By P.B. Johnson
Recipe Contributor, Treemont Register
Here’s a recipe that’s near and dear to my heart. Growing up, I loved nothing more than playing baseball, practicing my drums, and family picnics in the park. But no matter what I did, or where we went, Mom always made sure I had one of her signature peanut butter and jelly sandwiches with me.
This timeless recipe will transport you back to the good old days, when Mom would make a PB&J just for you, with peanut butter, jelly, bread, and motherly love – the special kind of love that moms have for their own children and no one else.
A note before we begin: If you are planning to make more than just one sandwich, adjust the ingredients accordingly. For example, to feed a whole baseball team, like Mom used to do when I played on Coach Bob’s little league team at Treemont Elementary, you’ll need at least two loaves of bread and whole jars of peanut butter and jelly each.
- Peanut butter
- White bread. You can use “healthier” multi-grain bread, like Mom started doing after Coach Bob wouldn’t stop bringing up his “high cholesterol,” but it won’t be as good.

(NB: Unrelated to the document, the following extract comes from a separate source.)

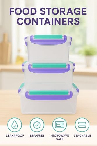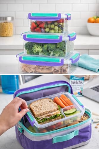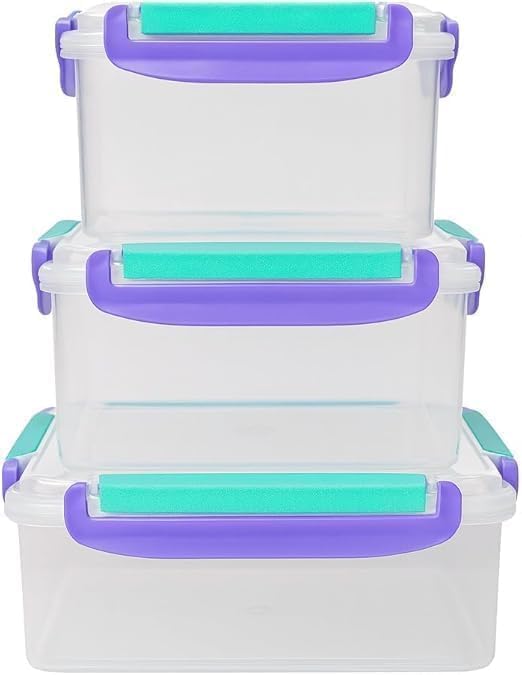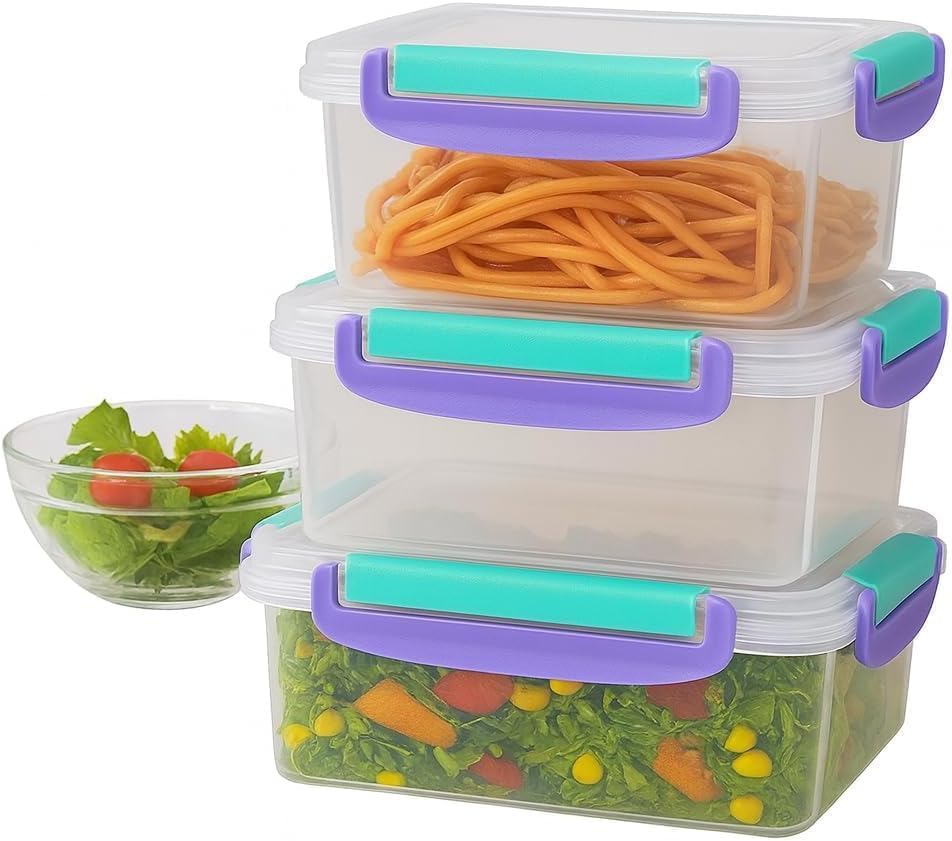 Generic - مجموعة حاويات تخزين الطعام مع اغطية قفل، سعة 500 مل/1000 مل/1500 مل، صناديق بلاستيكية محكمة الغلق مانعة للتسرب، خالية من BPA، حاويات مطبخ قابلة للتكديس للثلاجة والغداء (ارجواني، مربع)

1. Place two slices of bread on a plate.
2. Using a knife, carefully spread peanut butter on one slice of bread.
Tip: Spreading the peanut butter evenly will help prevent any of it from dripping out and getting stuck in Coach Bob’s beard.
3. Use the knife to spread jelly on top of the peanut butter layer, gently, like the way you saw Mom dabbing Coach Bob’s filthy beard with a napkin.
4. Place the two pieces of bread on top of one another in the same position you saw Mom and Coach Bob in that day you came home from school early and finally understood the real reason he always offered to drive you home after practice.
Tip: No need to add any extra ingredients here, even though Coach Bob suggested that Mom be “adventurous” and “try new things.” Doesn’t he get it? A banana is not a part of the family.
5. Cut the sandwich in half, the same way your alone time with Mom was cut when Coach Bob moved in. Cut in half, like the amount of space you had to give up in the spare room to fit Coach Bob’s bowflex instead of your drum set. Coach Bob would say that sometimes you have to just “take one for the team, champ” but you’re a big boy now, and these are your directions, not his.
6. Wrap the sandwich in crinkly wax paper to trap the signature smell and feel. Later on, you can unwrap it gleefully and pretend it’s one of the sandwiches Mom made special, just for you, and that she did not make a second one for Coach Bob as he sat on the couch re-watching VHS tapes from his “golden years” on the Treemont Community College baseball team.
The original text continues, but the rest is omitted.